VkBufferDeviceAddressInfoKHR address_info{VK_STRUCTURE_TYPE_BUFFER_DEVICE_ADDRESS_INFO_KHR};
address_info.buffer = buffer.buffer;
buffer.gpu_address  = vkGetBufferDeviceAddressKHR(device, &address_info);

This address works similarly to a normal addresses, and you can freely offset the VkDeviceAddress value as you see fit, as it is really just a uint64_t. There is no alignment requirement on the host. When using this pointer, you need to specify the alignment yourself, since unlike descriptors, the shader compiler won’t be able to infer anything about a raw pointer that you load from somewhere.

You can now place this pointer inside another buffer and have fun.

Vulkan GLSL

In Vulkan GLSL, we get the GL_EXT_buffer_reference extension which allows us to declare buffer blocks not as SSBOs, but faux pointer types instead. GLSL does not have true pointer types, but this is a way to introduce pointers without completely changing the language. E.g.:

#extension GL_EXT_buffer_reference : require

We can forward-declare types, which is nice for data structures like linked lists.

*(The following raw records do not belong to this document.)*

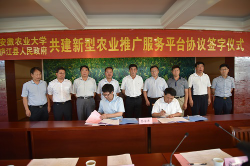副校长姚佐文、庐江县副县长苏少春代表双方签订了《安徽农业大学·庐江县人民政府共建新型农业推广服务平台协议书》。
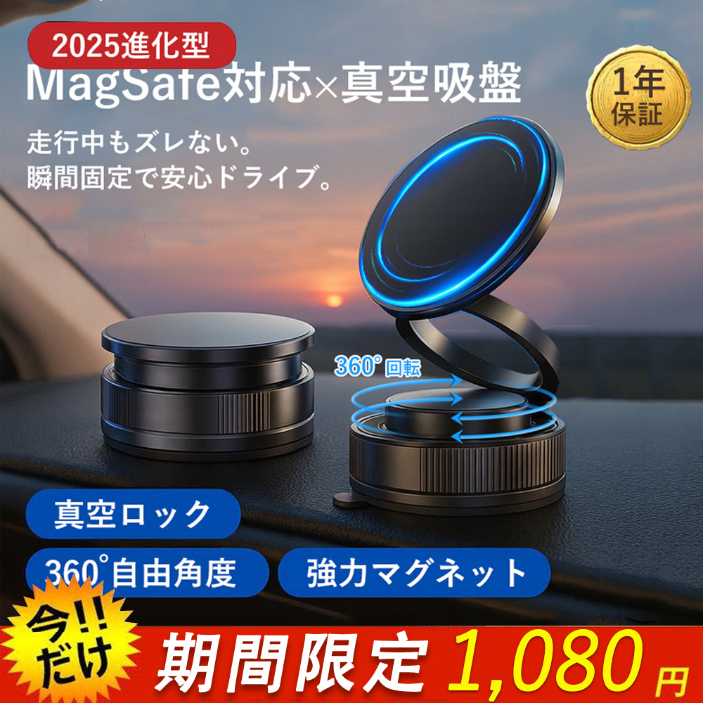 スマホホルダー 車 携帯ホルダー MagSafe 真空吸盤 強力吸着 N55磁石 360°回転 片手操作 車載ホルダー 車用スマホホルダー カー用品 iPhone Android
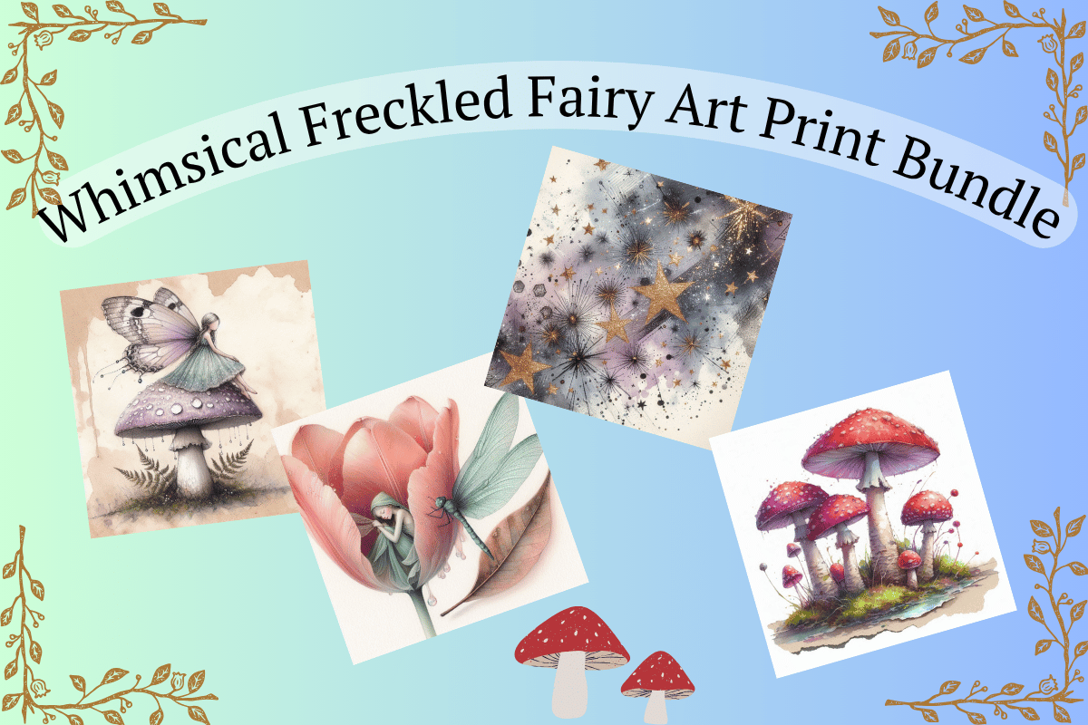 Whimsical Freckled Fairy Art Print – Ethereal Watercolor & Pencil Art, Enchanted Fantasy Digital Download
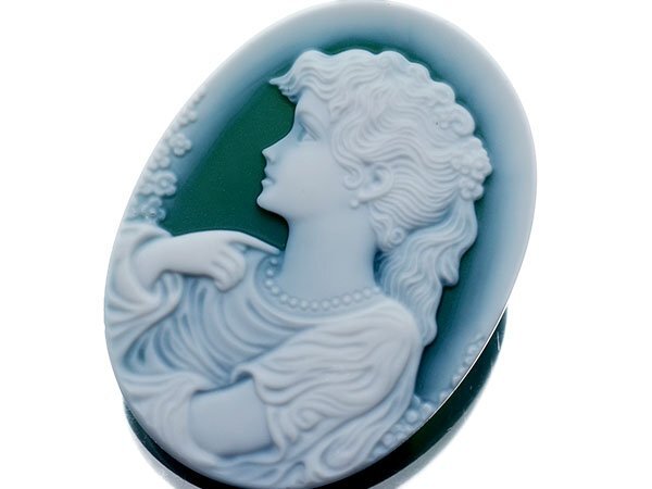 美しい貴婦人を繊細な彫刻で演出した素敵な高級グリーンストーンカメオルースです!
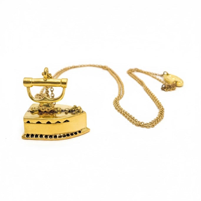 El Collar Plancha Antigua es una joya que rinde homenaje a los oficios, a la memoria y al valor del trabajo hecho a mano. Su colgante reproduce una plancha antigua en miniatura, símbolo de precisión, dedicación y belleza en los pequeños detalles.
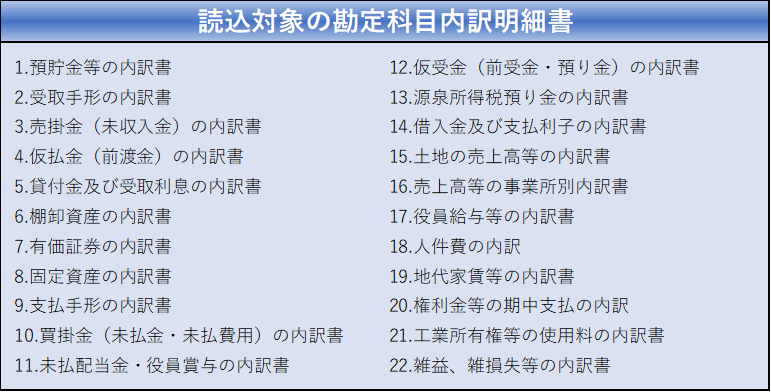 - 読取り対象は、国税庁が指定した様式である勘定科目内訳明細書16帳票22明細です。(手書きを除く)平成31年4月1日以後終了事業年度分の様式と平成30年4月1日以後終了事業年度分の様式に対応しています。
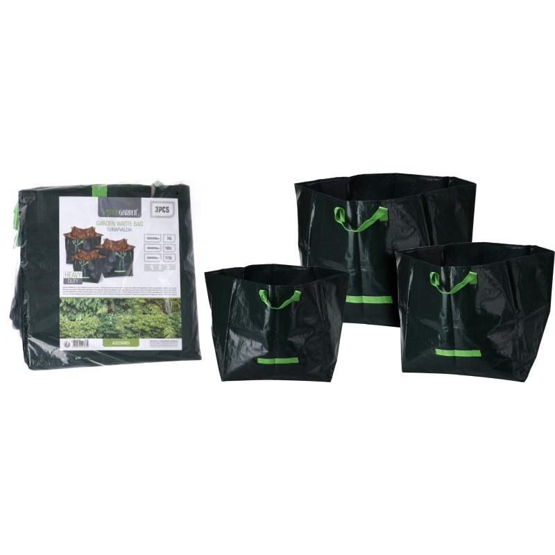 zahradní taška, materiál pe 200 gsm, sada 3ks: velikost 1/70 litrů: 42x42x40cm, velikost 2/105 litrů: 48x48x46cm, velikost 3/175 litrů: 56x56x56cm, tmavě zelená barva. prečítať celé
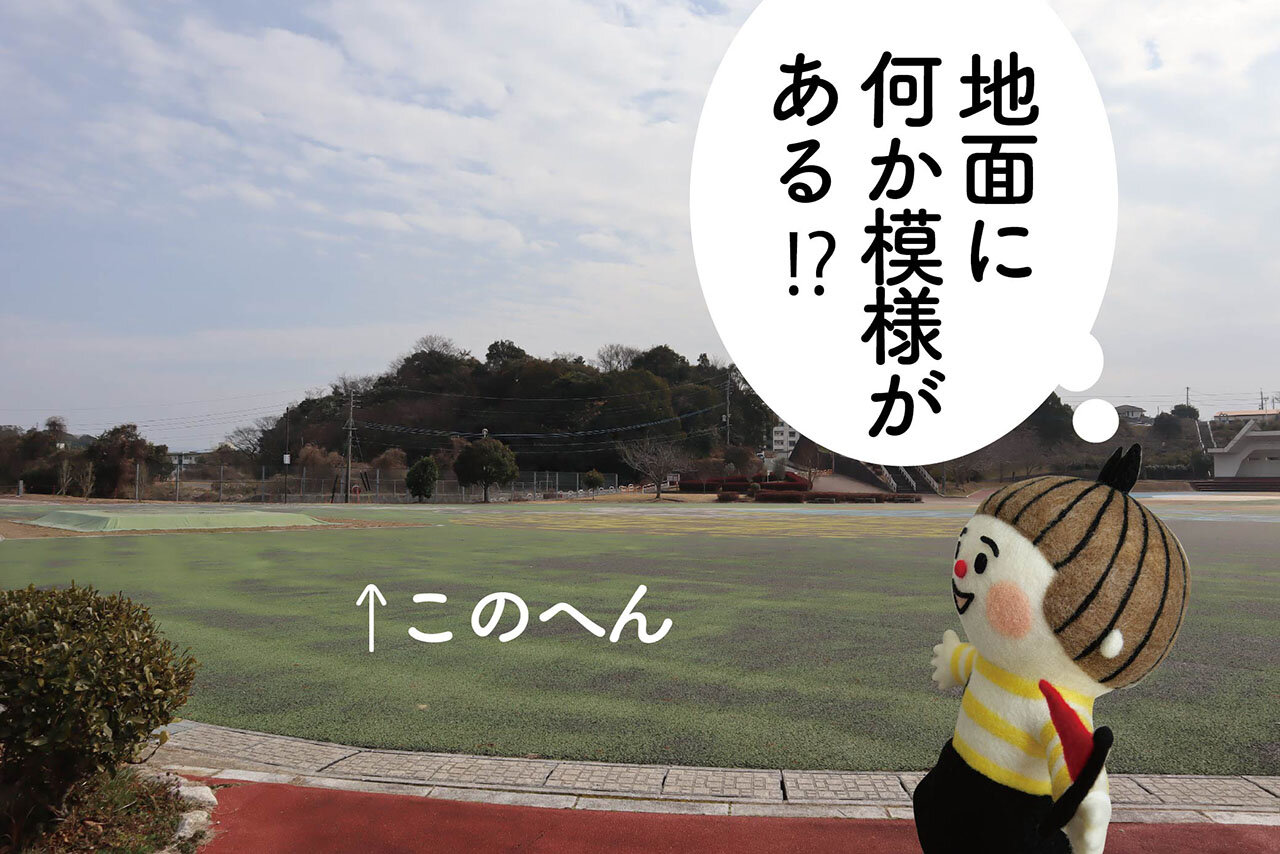 広場に何か色が付いているのが、分かりますか? ここにはなんと、月と二本煙突の大きな地上絵が描かれているそうです。

layout(buffer_reference) buffer Position;

We can declare a buffer type as well. This is not an SSBO declaration, but it basically declares a pointer to struct.

layout(std430, buffer_reference, buffer_reference_align = 8) writeonly buffer Position
{
    vec2 positions[];
};

buffer_reference tags the type accordingly, and buffer_reference_align is used to mark that any pointer which is of this type is at least 8 byte aligned. This is required since the compiler has no idea what alignment a random pointer has. It is possible to use scalar alignments here if you need it.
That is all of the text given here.